By Dr. Abigail Kabandula

For months, I had resisted watching “Becoming a Guinea Fowl,” a new Zambian film that had quietly gained international attention. Friends who saw it at the Denver Film Festival urged me to make time for it, praising its originality and emotional depth. But I hesitated. Zambian films, for all their artistry, are often too painful for me to face.
Their stories, truthfully told, mirror lives I know too well. They are suffused with grief that feels not merely observed but inherited, like a family heirloom one would rather not touch. When I watched Netflix’s Mwabi last year, I cried uncontrollably, overwhelmed by a grief I thought I had long suppressed after witnessing the harsh social norms faced by people who are different or appear different, whether in color or physical disability. The movie affected me deeply, not because it was strange, but because it felt painfully familiar.
As is often the case, a long-haul flight broke my resistance. From San Francisco to Hong Kong, I settled into my usual routine of passing the time during transit. I read work documents, fine-tuned presentations, and read a few chapters of a half-finished book. Eventually, the in-flight entertainment menu becomes a dare. Becoming a Guinea Fowl was part of the in-flight entertainment. Knowing I would eventually have to watch and discuss the movie with my friends, I reluctantly pressed play.
From its opening moments, I was captivated. The film introduces us to Shula, whose uncle has died under mysterious circumstances. Alongside her is Nsansa, her cousin—annoying, essential, and unforgettable.
The brilliance of Nsansa lies in her contradictions: she is the relative everyone loves and resents equally, who hurts and comforts, who pushes boundaries but is the first to show up when you are at your lowest. It’s rare for a character to feel so authentic, so clearly drawn from the personal dramas of family life.
What gives the film its power isn’t just its plot but its deep immersion into the textures of Zambian society. It is a work alive with the rhythms of speech, the unspoken rules of patriarchy, and the daily burdens that shape women’s lives.

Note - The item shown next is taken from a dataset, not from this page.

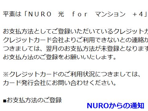クレジットカードが無効?NUROから妙なメール、指定のカードが使えない?という内容。詐欺メールかとも思ったが確認すると要するに「デビットカード」は登録不可 という事らしい。希望してもいないのにセゾンNEXTカードが勝手にデビッドカードになったのが原因と判明、早速登録カードを変更した。 最近このカードの使用明細が突然紙で来たので不審に思っていたところだった。 |
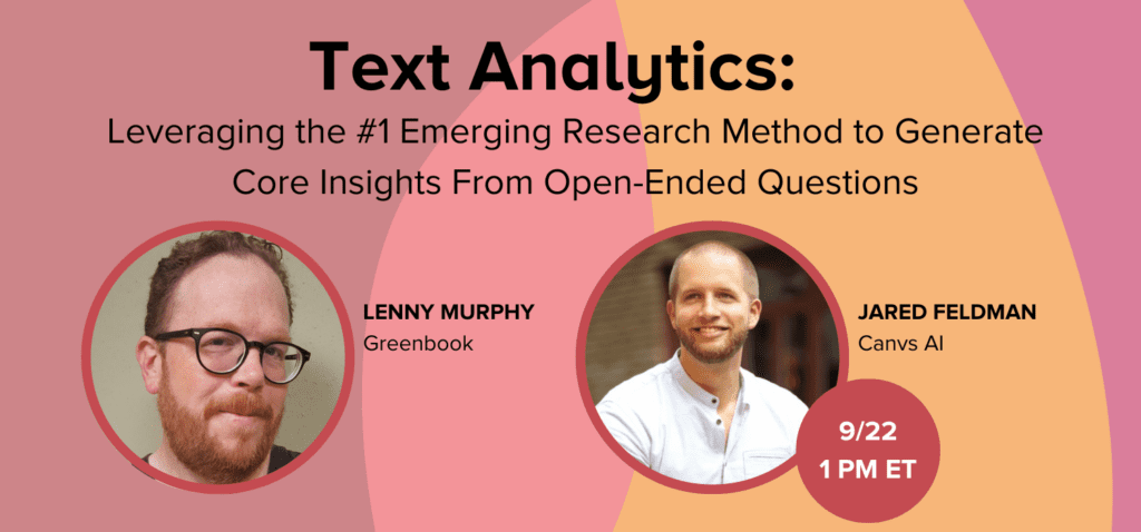 GreenBook’s Chief Advisor for Insights and Development, Lenny Murphy, and Canvs AI Founder & CEO, Jared Feldman will present on the state of text analysis in insights as part of the DIY research movement during an upcoming Greenbook Webinar: Leveraging the #1 Emerging Research Method to Generate Core Insights from Open-Ended Questions on Thursday, September 22nd at 1 pm ET.

Aunties who assert their will under the guise of care, patriarchs who extort before helping, the endless chores assigned to girls and young women, the silence surrounding sexual abuse, and the omnipresence of alcohol—each element feels less like a theme than a condition of life. The director doesn’t sermonize; instead, these realities arise naturally, as if captured in the flow of everyday life.
For me, watching was an act of recognition intertwined with estrangement. I have lived abroad for twenty years, yet the film reminded me of what persists, of what remains unresolved. Zambia has modernized, urbanized, and globalized, but beneath those layers lie the same unhealed wounds. The film acts as a mirror held up not just to individuals but to the nation itself.

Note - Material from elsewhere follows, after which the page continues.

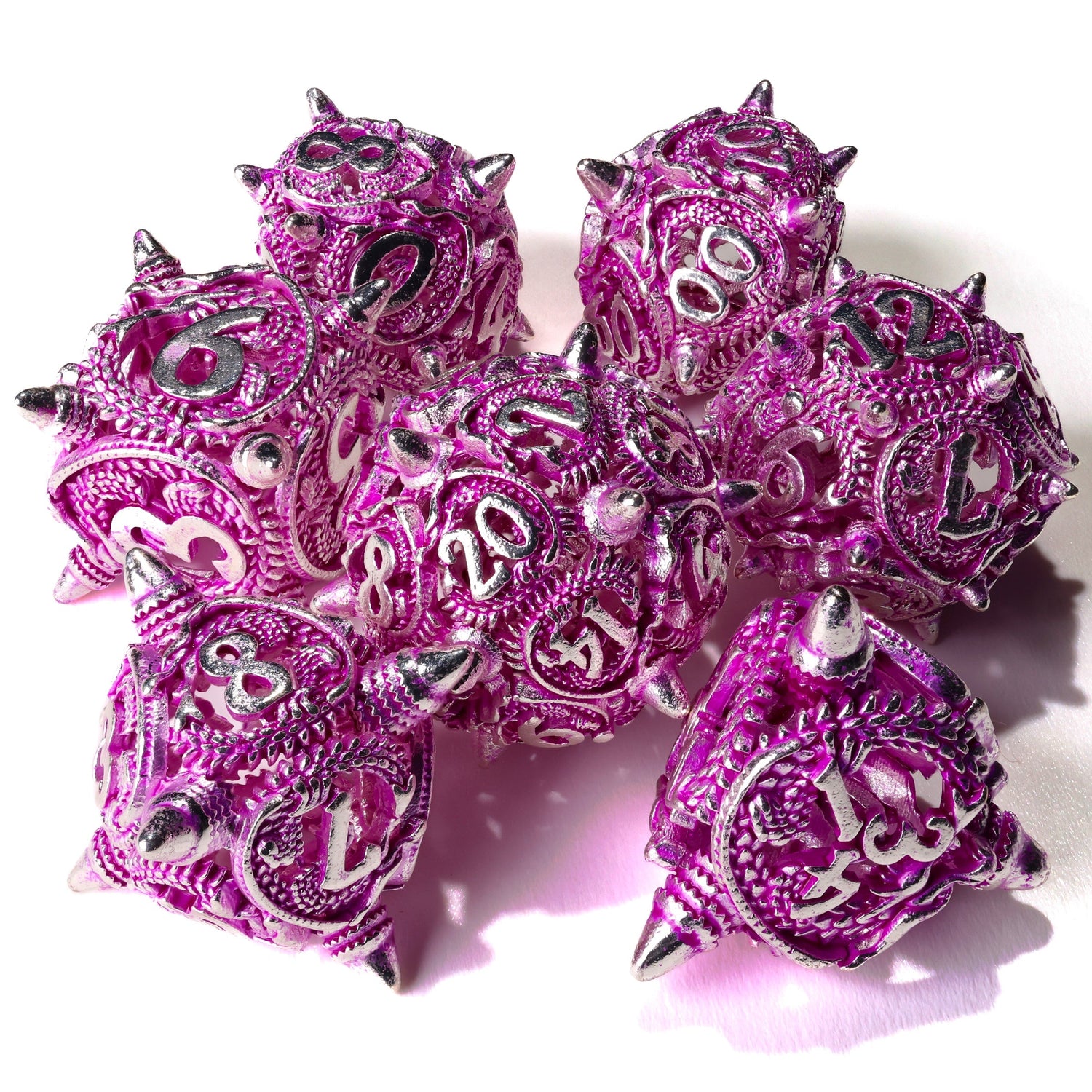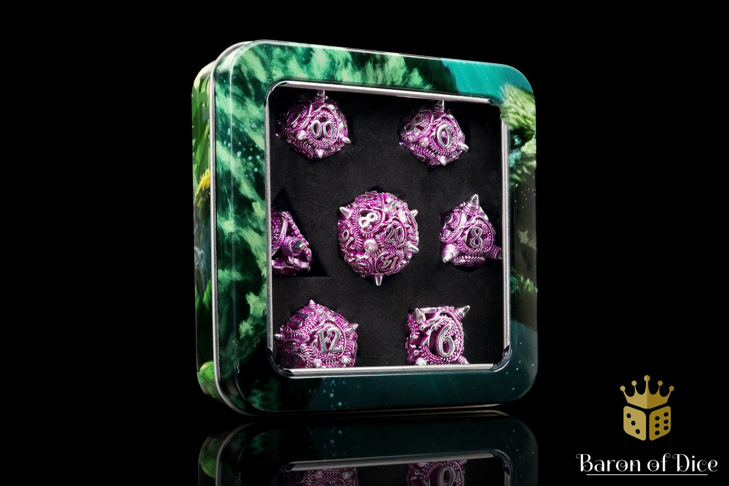 This set is made from ancient dragon steel, oiled to a shimmering purple rainbow. Cut from Earth's veins, these metal dice are ready to blow your mind! Featuring miniature dragons embedded across each die, in iridescent steel, these are ready to roll from the skies; premium metal 20mm dice set containing D4, D6, D8, D10, D10, D12, and D20.

The final scene, set at a funeral in Lusaka, pierced me most. The gathering is raw and straightforward, with grief mixed with blame. But more than mourning, it exposes a familiar social injustice: the dispossession of women. Property grabbing—where relatives of the deceased take homes, possessions, and even savings from widows and children—has troubled Zambian families for generations.
The film’s portrayal of this practice is not exaggerated; it is measured, direct, and thus profoundly impactful. For me, that scene was not just cinematic but personal. At four years old, I stood at my father’s funeral and watched as my mother was humiliated and stripped of everything. Pots and pans were taken away. My father’s clothes disappeared. Even the modest bank account was seized. When my uncle asked who would help my mother feed and educate seven children, no one stepped forward. She was left to carry not only us but also her sister’s children. It was not just grief; it was abandonment, played out in public. Watching Becoming a Guinea Fowl, I felt myself transported back to that day, reminded that I am not an exception but one of millions.

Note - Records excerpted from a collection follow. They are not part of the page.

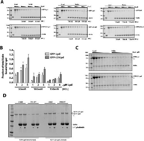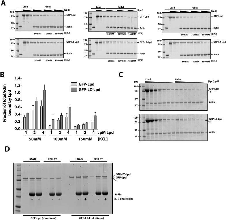Figure 1—figure supplement 1. Interactions between filamentous actin, GFP-Lpd (850–1250aa), and GFP-LZ-Lpd (850–1250aa) measured by cosedimentation at different buffer ionic strengths.(A) Monomeric GFP-Lpd850−1250aa and dimeric GFP-LZ-Lpd850−1250aa interact with filamentous actin in the presence of 50, 100, 150 mM KCl. SDS-PAGE from three experiments showing the cosedimentation of 2 µM filamentous actin (+4 µM dark phalloidin) in the presence of 1, 2, and 4 µM GFP-Lpd850−1250aa or GFP-LZ-Lpd850−1250aa (monomeric protein concentration). Buffer composition is 20 mM HEPES [pH 7], 50–150 mM KCl, 0.5 mM ATP, 0.5 mM MgCl2, 0.5 mM EGTA. (B) Average molar ratio of GFP-Lpd or GFP-LZ-Lpd bound to filamentous actin in the presence of 50, 100, and 150 mM KCl. Error bars represent S.D. of the mean (n = 3 experiments). (C) SDS-PAGE as in Figure 1H, showing the results of co-sedimentation of 1 µM filamentous actin in the presence of increasing concentrations of GFP-Lpd or GFP-LZ-Lpd (0–10 µM monomer concentration). (D) GFP-Lpd and GFP-LZ-Lpd interact with both ‘native’ and phalloidin stabilized actin filaments. Actin was polymerized at a concentration of 20 µM in the absence (termed ‘native’) or presence of an equal molar concentration of dark phalloidin (indicated by ‘+’). After 45 min, filamentous actin was combined with an equal volume of either 2 µM GFP-Lpd850−1250aa or GFP-LZ-Lpd850−1250aa and incubated for 1 hr before ultracentrifugation (also see ‘Materials and methods’). The final buffer composition was 20 mM HEPES [pH 7.0], 100 mM KCl, 1 mM TCEP, 0.5 mM ATP, 0.5 mM MgCl2, and 0.5 mM EGTA. (C, D) Asterisks (*) on SDS-PAGE gel marks partially translated or proteolyzed GFP-Lpd and GFP-LZ-Lpd that could not be removed during the purification.DOI: http://dx.doi.org/10.7554/eLife.06585.004 |
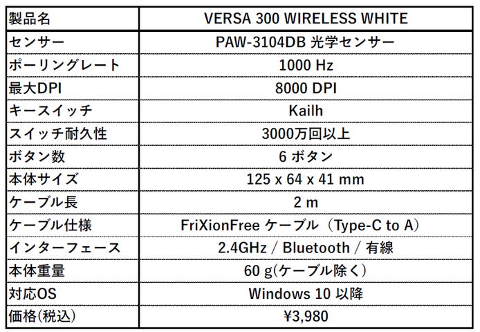 - 「VERSA 300 WIRELESS WHITE」は60g、8,000DPI、最大50時間バッテリー駆動。
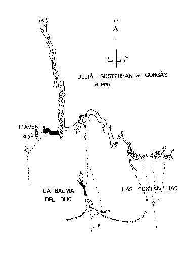 Nos explorations à l'aven-évent ont donc révélé un vaste delta souterrain de 1535m de galeries, diffluant vers les cavités du Duc et du Thalweg des Fontanilles.
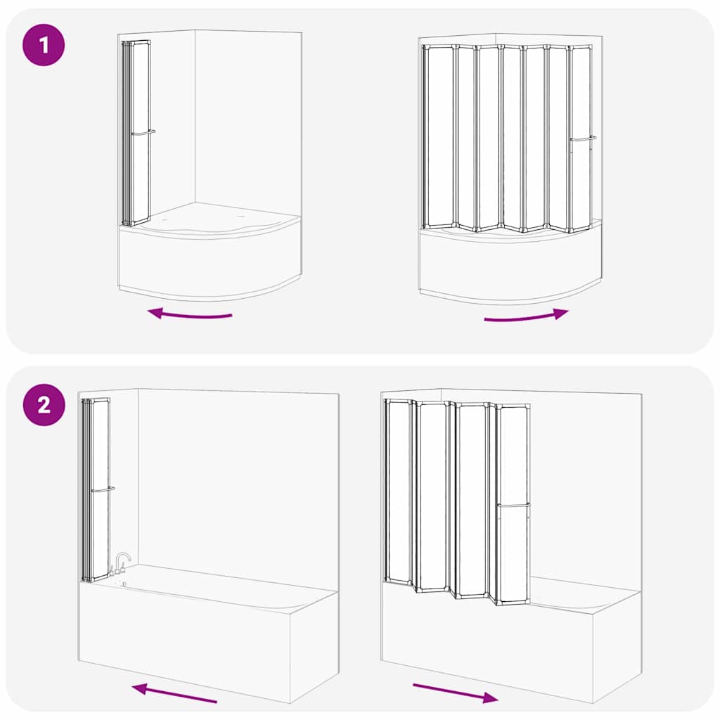 - Opvouwbare panelen voor extra flexibiliteit Het badscherm heeft opvouwbare panelen, waardoor je het makkelijk kunt opbergen als je het niet nodig hebt en toegang krijgt als je in of uit het bad stapt, zonder dat het te veel ruimte in beslag neemt.

This is the paradox of the film. It is painful, yes, but also a form of testimony. By dramatizing what is typically hidden or minimized, it insists that these experiences be remembered. Its sadness contains its triumph. Becoming a Guinea Fowl achieves what the best cinema does: it transforms private anguish into collective recognition. It tells us, in effect, that these stories matter—that they belong not only to those who endured them but to a national memory that must be confronted.
The author holds joint fellowship appointments at the Josef Korbel School of Global and Public Affairs, University of Denver and University of Edinburgh Law School.